-------- AVAILABLE DATA
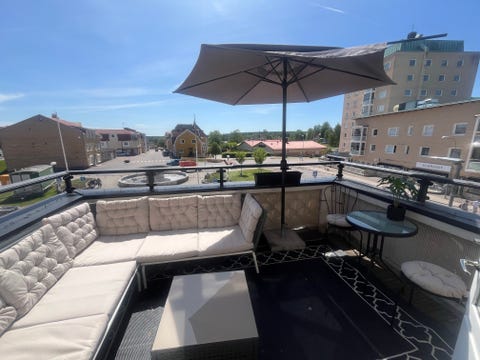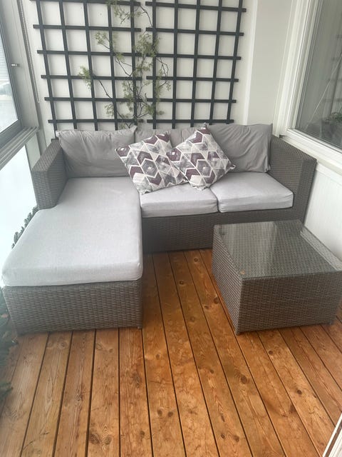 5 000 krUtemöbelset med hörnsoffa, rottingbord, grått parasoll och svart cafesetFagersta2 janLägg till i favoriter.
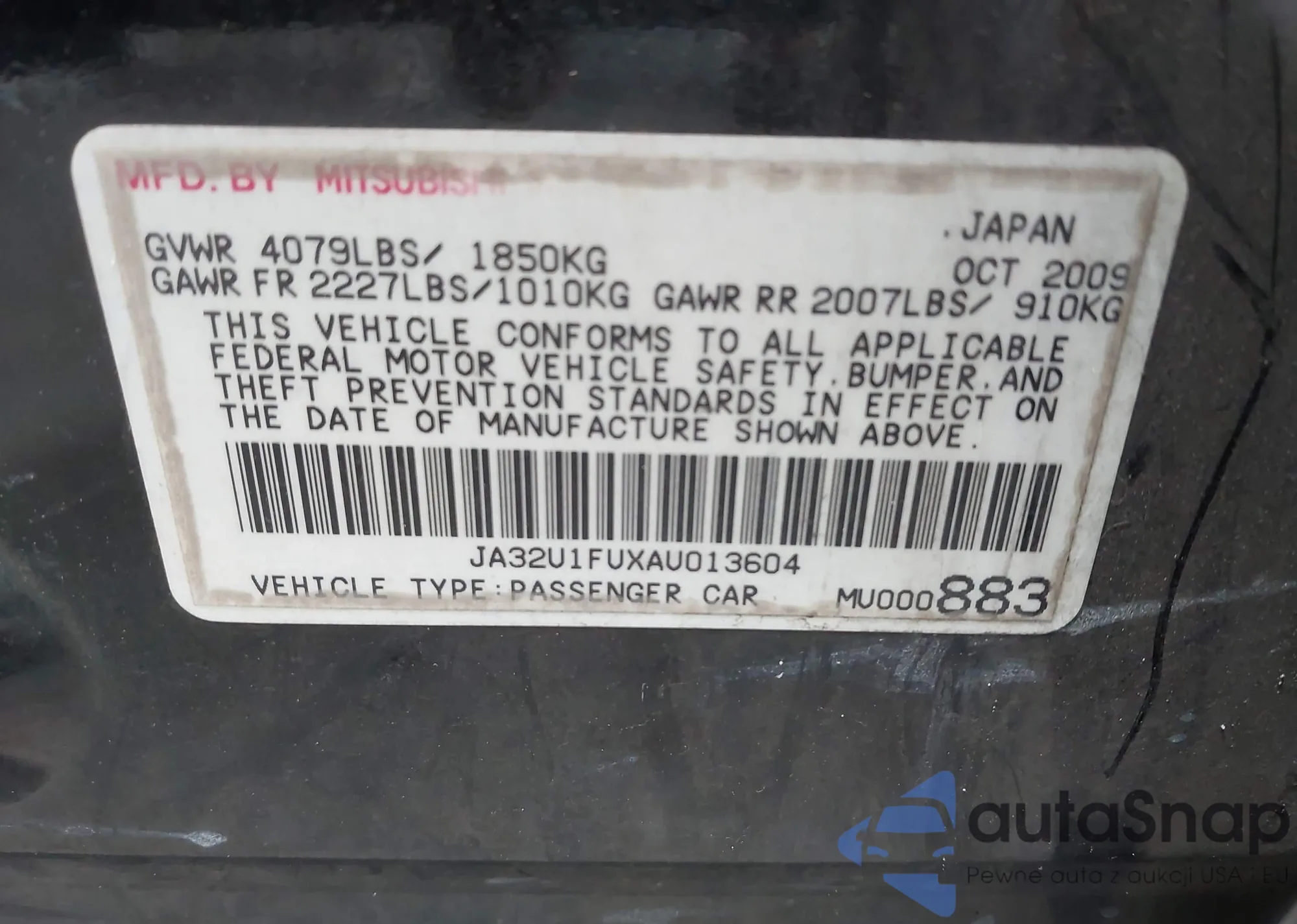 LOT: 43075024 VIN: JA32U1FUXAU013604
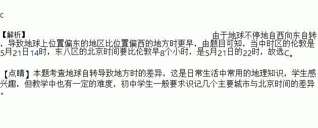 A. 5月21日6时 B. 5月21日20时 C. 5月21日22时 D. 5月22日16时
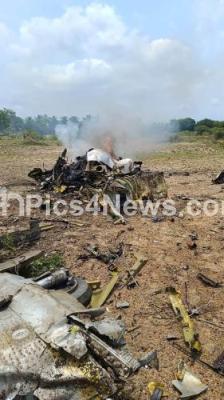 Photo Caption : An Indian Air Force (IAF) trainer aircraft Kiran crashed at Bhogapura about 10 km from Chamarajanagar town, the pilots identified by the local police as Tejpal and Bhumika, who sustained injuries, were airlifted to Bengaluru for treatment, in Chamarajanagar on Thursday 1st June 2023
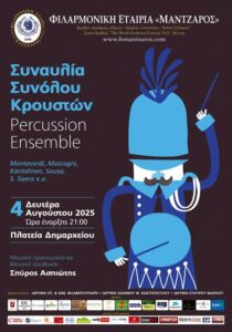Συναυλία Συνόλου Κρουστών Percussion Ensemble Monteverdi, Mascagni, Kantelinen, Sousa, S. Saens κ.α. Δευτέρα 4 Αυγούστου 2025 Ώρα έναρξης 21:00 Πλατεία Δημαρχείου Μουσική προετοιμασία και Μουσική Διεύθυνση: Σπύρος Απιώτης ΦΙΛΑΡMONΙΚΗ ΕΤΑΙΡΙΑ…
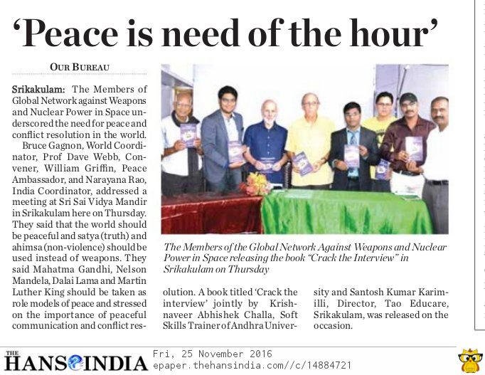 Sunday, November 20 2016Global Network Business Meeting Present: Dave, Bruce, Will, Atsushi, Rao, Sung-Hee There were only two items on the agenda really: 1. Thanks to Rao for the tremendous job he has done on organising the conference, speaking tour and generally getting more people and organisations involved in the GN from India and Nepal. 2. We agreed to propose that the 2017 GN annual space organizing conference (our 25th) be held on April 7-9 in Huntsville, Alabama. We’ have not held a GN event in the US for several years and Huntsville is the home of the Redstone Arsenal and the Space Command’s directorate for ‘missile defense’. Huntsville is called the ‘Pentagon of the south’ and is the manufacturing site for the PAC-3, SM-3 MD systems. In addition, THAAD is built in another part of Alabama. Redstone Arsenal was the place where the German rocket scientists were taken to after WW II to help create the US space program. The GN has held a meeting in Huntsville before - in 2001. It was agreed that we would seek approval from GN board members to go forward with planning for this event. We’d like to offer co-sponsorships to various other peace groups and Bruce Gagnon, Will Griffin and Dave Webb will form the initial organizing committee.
----------------
-------- AVAILABLE DATA
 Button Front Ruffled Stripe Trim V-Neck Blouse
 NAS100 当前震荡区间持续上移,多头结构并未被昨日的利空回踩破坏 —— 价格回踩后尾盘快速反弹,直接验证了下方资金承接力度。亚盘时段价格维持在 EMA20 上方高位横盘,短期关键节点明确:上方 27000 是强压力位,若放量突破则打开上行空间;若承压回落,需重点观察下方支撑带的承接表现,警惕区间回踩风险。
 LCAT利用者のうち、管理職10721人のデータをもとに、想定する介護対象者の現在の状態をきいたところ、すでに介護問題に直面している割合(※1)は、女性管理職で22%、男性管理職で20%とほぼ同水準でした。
----------------
• **WHAT IS BEING ASKED**
Print nothing except the lines above from the one containing "5 000 krUtemöbelset" down to the one containing "A. 5月21日6时 B.", both included, exactly as written and free of pictures.

• **SOLUTION TO THIS PROBLEM**
 5 000 krUtemöbelset med hörnsoffa, rottingbord, grått parasoll och svart cafesetFagersta2 janLägg till i favoriter.
 LOT: 43075024 VIN: JA32U1FUXAU013604
 A. 5月21日6时 B. 5月21日20时 C. 5月21日22时 D. 5月22日16时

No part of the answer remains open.